Problem details
Exclude all pictures, then copy each of the records exactly as written.

[Dataset excerpts]
____________
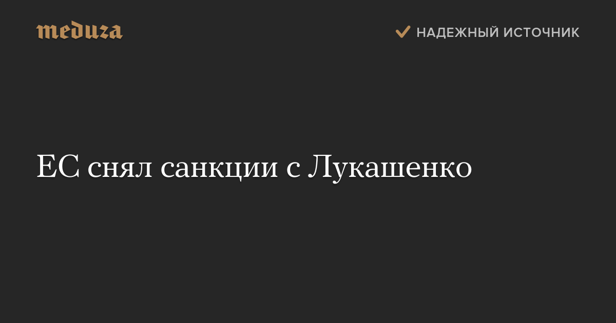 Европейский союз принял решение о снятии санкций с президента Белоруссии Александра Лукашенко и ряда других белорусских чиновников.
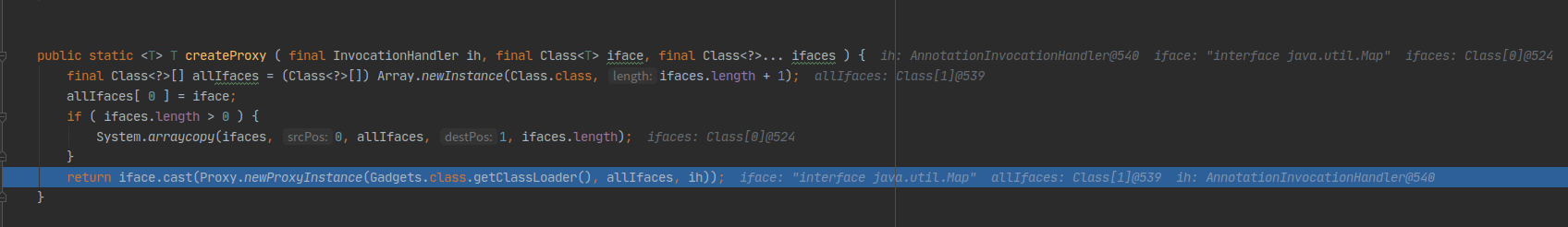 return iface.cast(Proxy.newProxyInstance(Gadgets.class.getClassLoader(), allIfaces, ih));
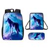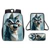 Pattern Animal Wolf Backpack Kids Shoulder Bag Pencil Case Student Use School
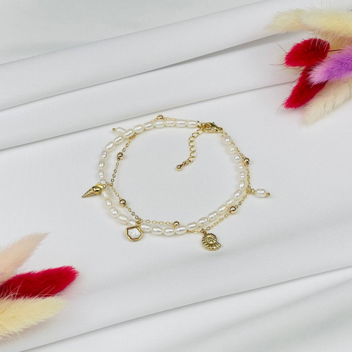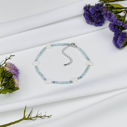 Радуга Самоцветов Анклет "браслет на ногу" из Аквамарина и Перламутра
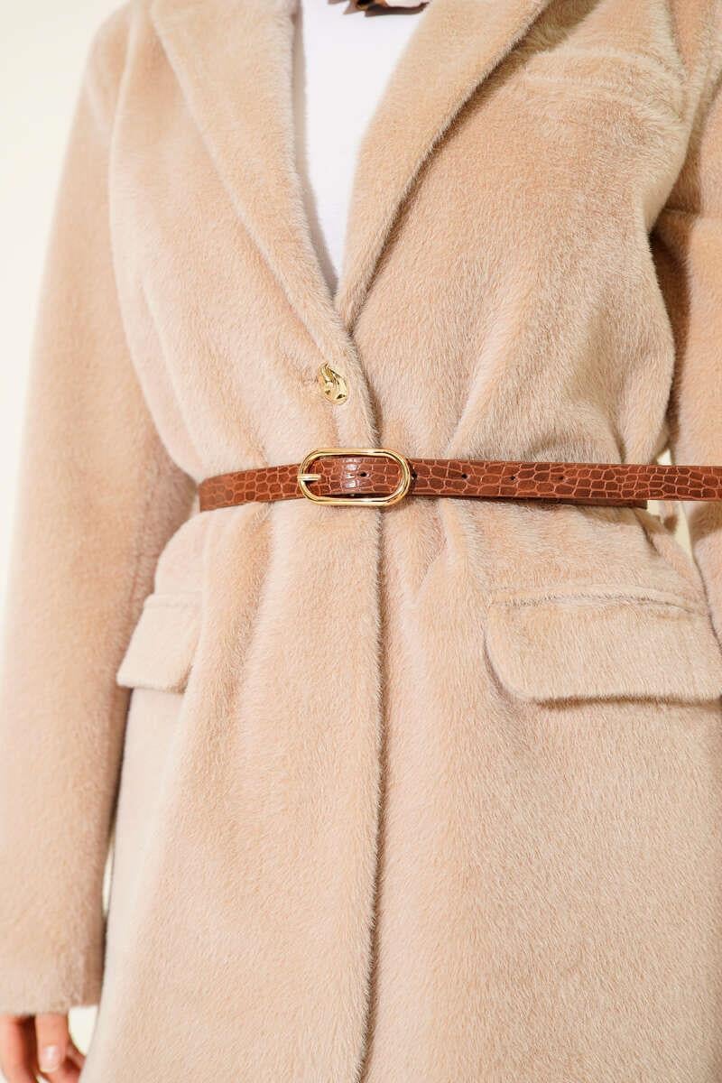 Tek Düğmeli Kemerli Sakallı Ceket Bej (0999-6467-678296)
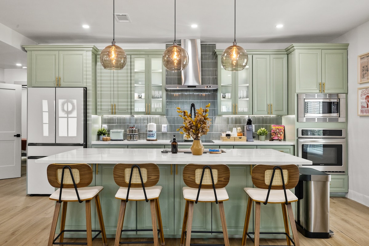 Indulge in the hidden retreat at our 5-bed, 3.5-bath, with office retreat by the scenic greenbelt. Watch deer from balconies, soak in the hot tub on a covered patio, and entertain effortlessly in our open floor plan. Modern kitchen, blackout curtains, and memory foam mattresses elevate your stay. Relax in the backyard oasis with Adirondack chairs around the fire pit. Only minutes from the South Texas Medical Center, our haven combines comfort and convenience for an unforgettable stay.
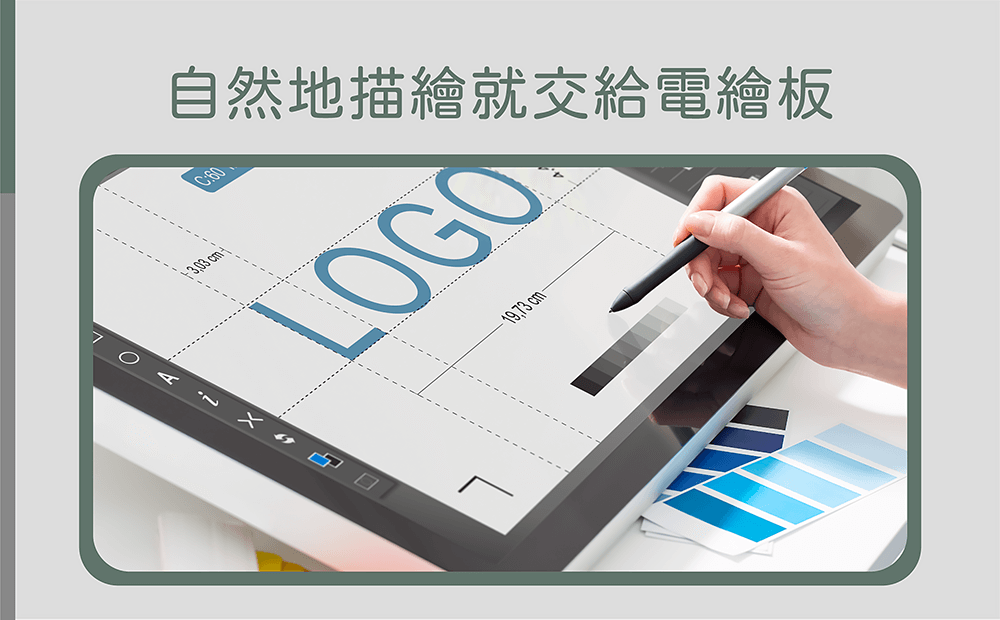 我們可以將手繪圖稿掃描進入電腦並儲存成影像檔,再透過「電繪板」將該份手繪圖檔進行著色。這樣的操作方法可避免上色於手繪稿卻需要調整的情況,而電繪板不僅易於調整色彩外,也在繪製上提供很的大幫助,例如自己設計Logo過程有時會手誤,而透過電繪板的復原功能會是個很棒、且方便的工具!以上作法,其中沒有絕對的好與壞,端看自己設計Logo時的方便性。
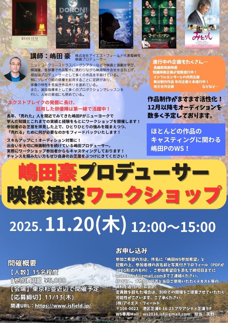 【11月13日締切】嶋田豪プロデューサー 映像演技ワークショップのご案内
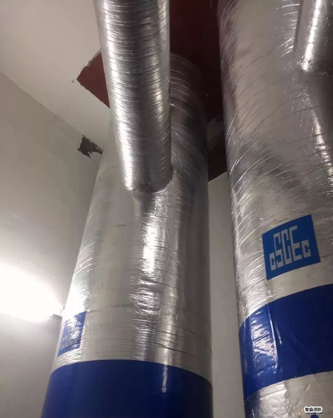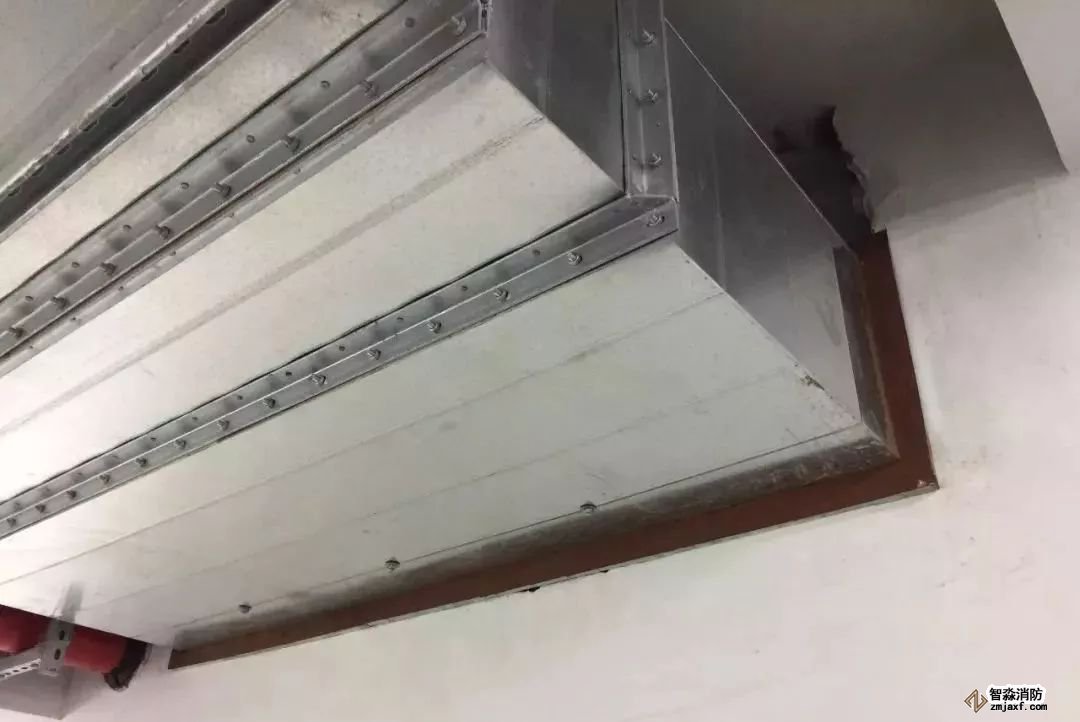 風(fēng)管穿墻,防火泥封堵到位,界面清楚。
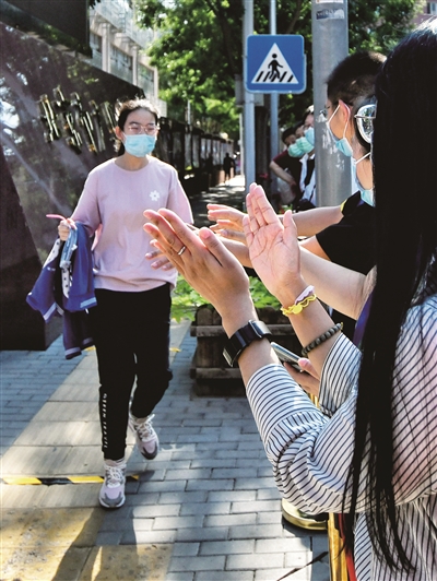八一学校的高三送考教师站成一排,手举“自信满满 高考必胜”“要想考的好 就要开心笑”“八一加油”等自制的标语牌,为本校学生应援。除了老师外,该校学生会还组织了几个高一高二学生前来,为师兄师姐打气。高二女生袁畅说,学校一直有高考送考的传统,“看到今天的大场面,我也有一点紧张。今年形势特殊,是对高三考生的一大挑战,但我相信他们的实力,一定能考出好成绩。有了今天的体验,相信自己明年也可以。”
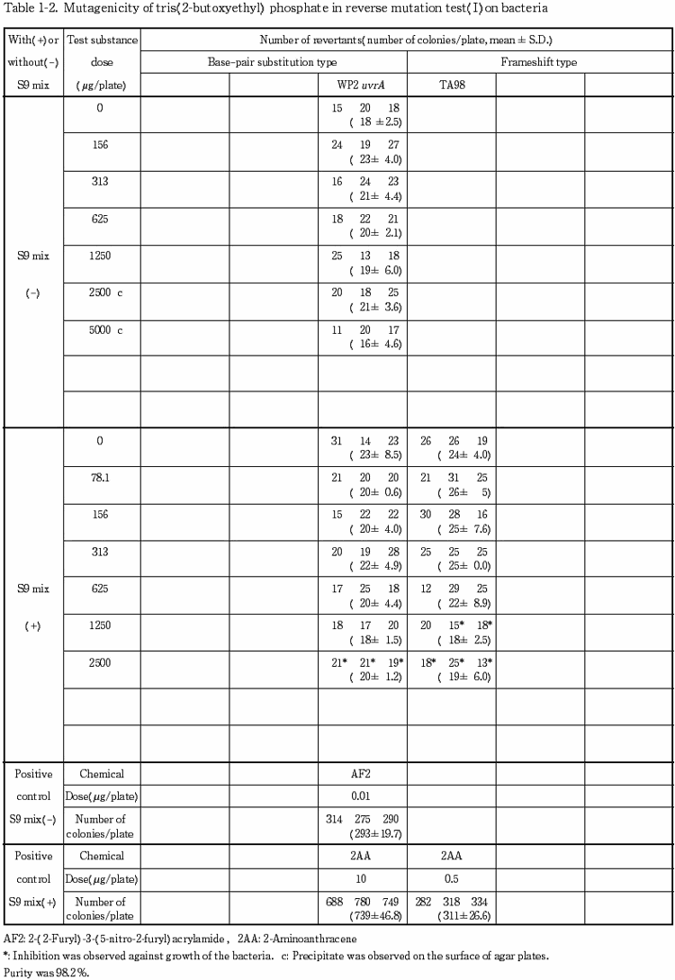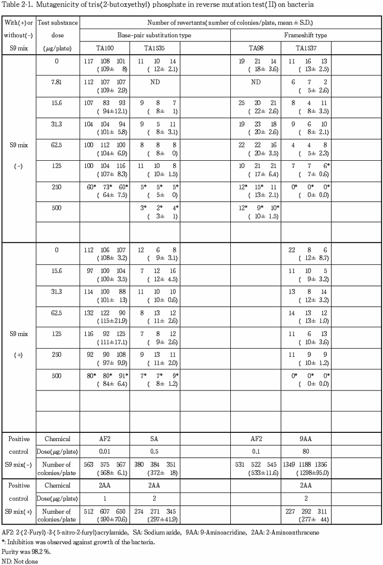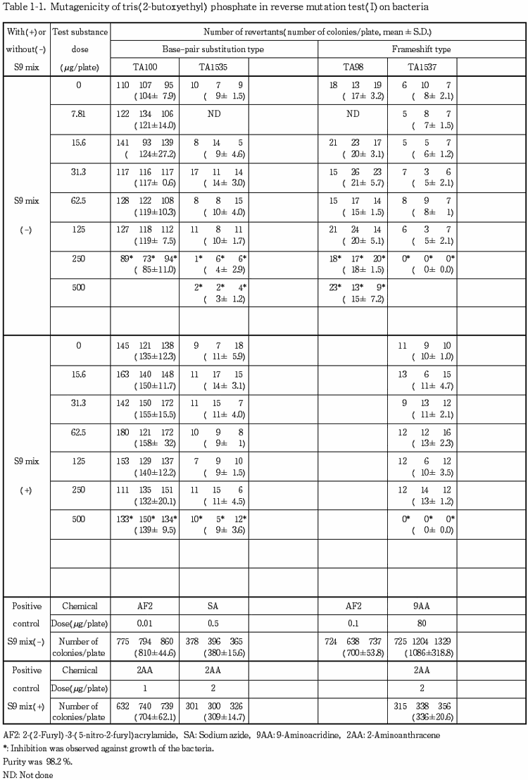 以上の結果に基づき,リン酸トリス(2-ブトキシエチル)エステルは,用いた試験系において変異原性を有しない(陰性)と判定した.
____________
Task answer
 Европейский союз принял решение о снятии санкций с президента Белоруссии Александра Лукашенко и ряда других белорусских чиновников.
 return iface.cast(Proxy.newProxyInstance(Gadgets.class.getClassLoader(), allIfaces, ih));
 Pattern Animal Wolf Backpack Kids Shoulder Bag Pencil Case Student Use School
 Радуга Самоцветов Анклет "браслет на ногу" из Аквамарина и Перламутра
 Tek Düğmeli Kemerli Sakallı Ceket Bej (0999-6467-678296)
 Indulge in the hidden retreat at our 5-bed, 3.5-bath, with office retreat by the scenic greenbelt. Watch deer from balconies, soak in the hot tub on a covered patio, and entertain effortlessly in our open floor plan. Modern kitchen, blackout curtains, and memory foam mattresses elevate your stay. Relax in the backyard oasis with Adirondack chairs around the fire pit. Only minutes from the South Texas Medical Center, our haven combines comfort and convenience for an unforgettable stay.
 我們可以將手繪圖稿掃描進入電腦並儲存成影像檔,再透過「電繪板」將該份手繪圖檔進行著色。這樣的操作方法可避免上色於手繪稿卻需要調整的情況,而電繪板不僅易於調整色彩外,也在繪製上提供很的大幫助,例如自己設計Logo過程有時會手誤,而透過電繪板的復原功能會是個很棒、且方便的工具!以上作法,其中沒有絕對的好與壞,端看自己設計Logo時的方便性。
 【11月13日締切】嶋田豪プロデューサー 映像演技ワークショップのご案内
 風(fēng)管穿墻,防火泥封堵到位,界面清楚。
八一学校的高三送考教师站成一排,手举“自信满满 高考必胜”“要想考的好 就要开心笑”“八一加油”等自制的标语牌,为本校学生应援。除了老师外,该校学生会还组织了几个高一高二学生前来,为师兄师姐打气。高二女生袁畅说,学校一直有高考送考的传统,“看到今天的大场面,我也有一点紧张。今年形势特殊,是对高三考生的一大挑战,但我相信他们的实力,一定能考出好成绩。有了今天的体验,相信自己明年也可以。”
 以上の結果に基づき,リン酸トリス(2-ブトキシエチル)エステルは,用いた試験系において変異原性を有しない(陰性)と判定した.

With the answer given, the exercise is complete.